Selon l'indice notaires-Insee publié mardi, les prix des appartements anciens ont augmenté de 6,3% en France au deuxième trimestre 2010 sur un an, dopés par le bond du marché parisien (+9,8%).

« Le redressement du marché immobilier ancien est réel », souligne la note de conjoncture des Notaires de France, qui publie cet indice en partenariat avec l'Institut national de la statistique (Insee). Les évolutions des prix au deuxième trimestre sont toutefois très disparates selon les régions. Ils ont progressé de 4,3% en province, mais ont grimpé de 8,6% en Ile-de-France et de 9,8% à Paris.

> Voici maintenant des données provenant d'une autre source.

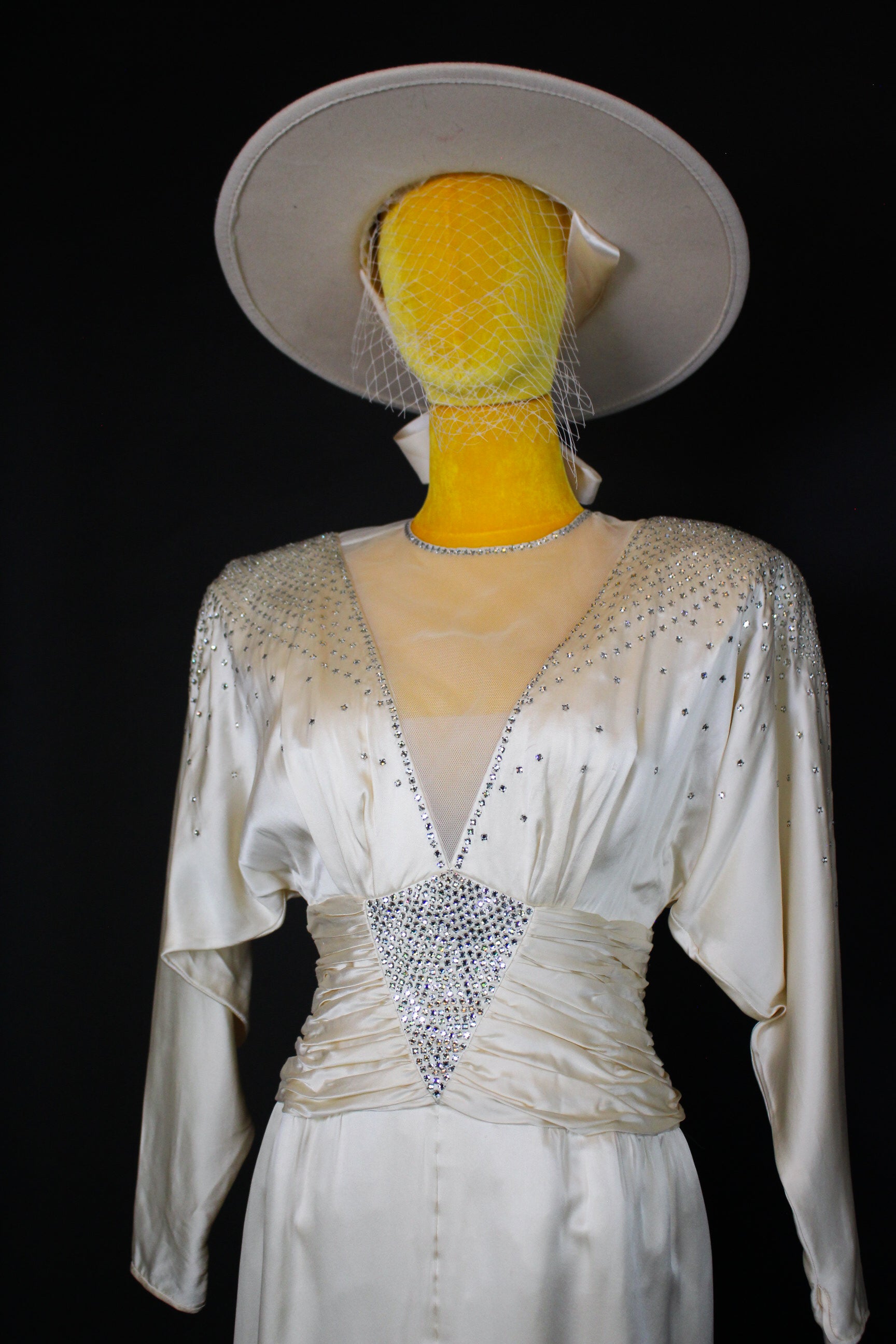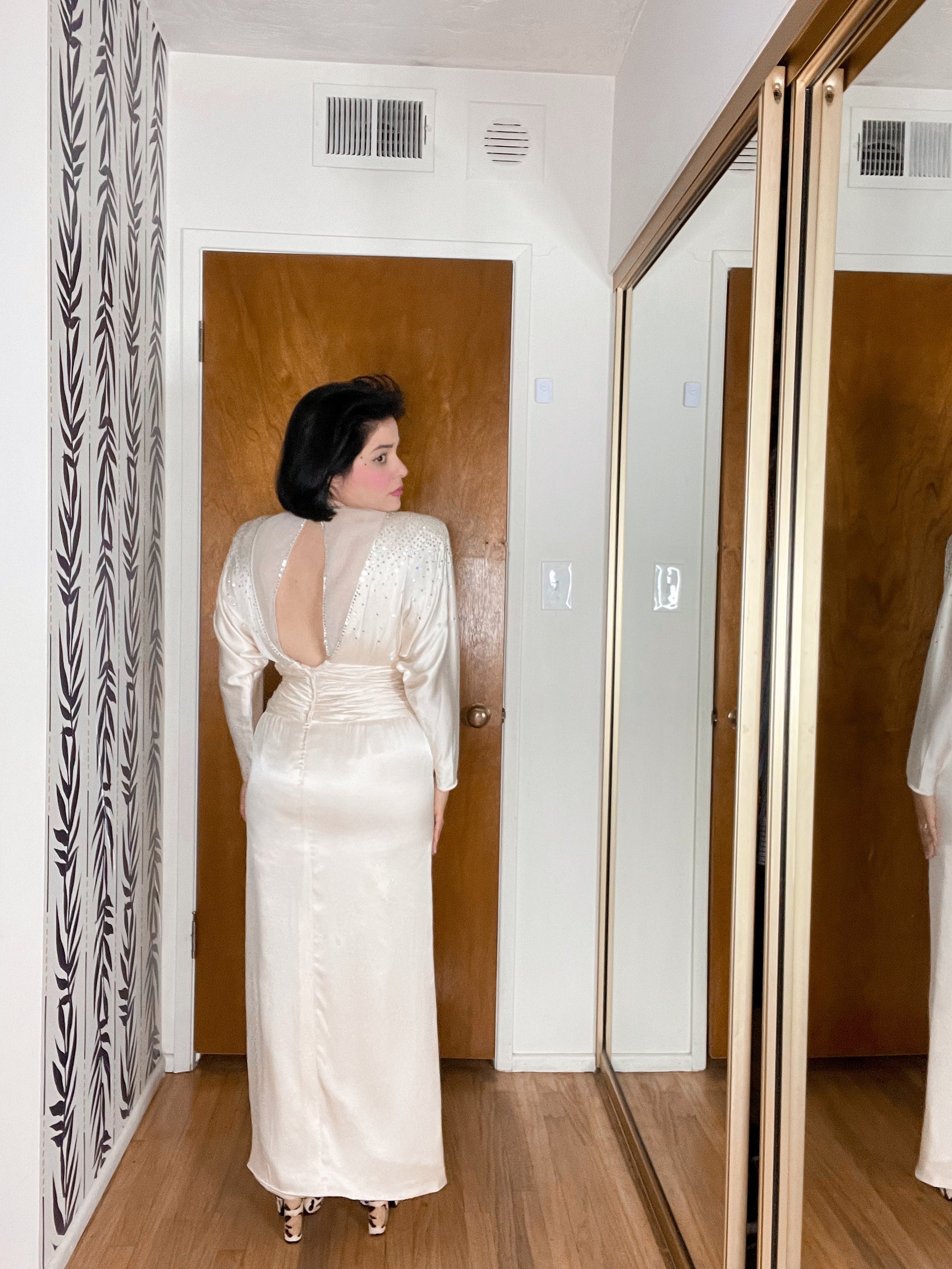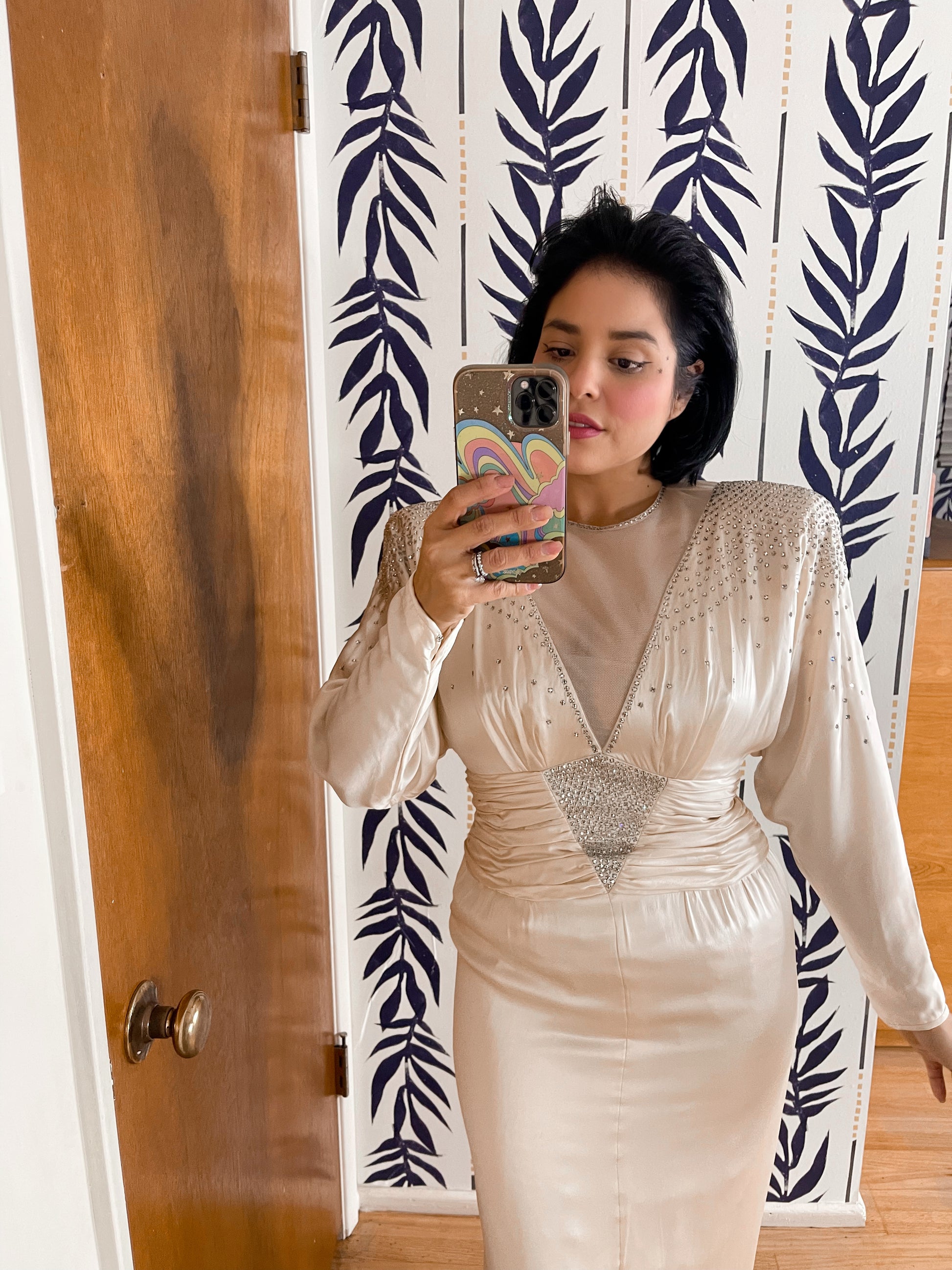 Vintage 80s Silk Rhinestone Wiggle Dress Fits Sizes XS-SM
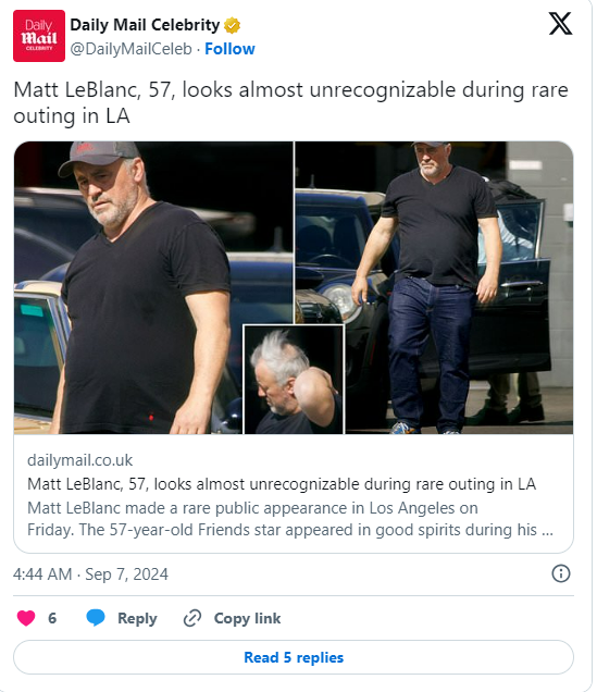 Matt LeBlanc makes a rare public appearance in Los Angeles after months out of the spotlight

Certains départements profitent largement de cette embellie comme les Vosges (+14,5% sur un an), le Gard (+11,7%) et la Charente-Maritime (+10,4%). En revanche, le marché des appartements anciens est toujours à la baisse dans l'Ain (-10,1%), le Pas-de-Calais (-6,2%), le Doubs et le Morbihan (-5,3%).

Mulhouse (Haut-Rhin) est la ville où la baisse des prix est la plus forte (-12,4%). Inversement, le marché flambe de 19,9% à Avignon et de 22% dans les Alpes-de-Haute-Provence.

Plus difficile dans les départements ruraux

Pour les maisons, le marché est toujours à la baisse en Lozère, dans les Landes, les Deux-Sèvres, la Meuse, l'Allier et le Cher, qui connaissent des évolutions négatives de prix comprises entre -4% à -13%. A contrario, les départements de la Gironde, la Drôme, la Loire Atlantique, la Marne et la Seine Maritime connaissent des augmentations de prix de plus de 10%.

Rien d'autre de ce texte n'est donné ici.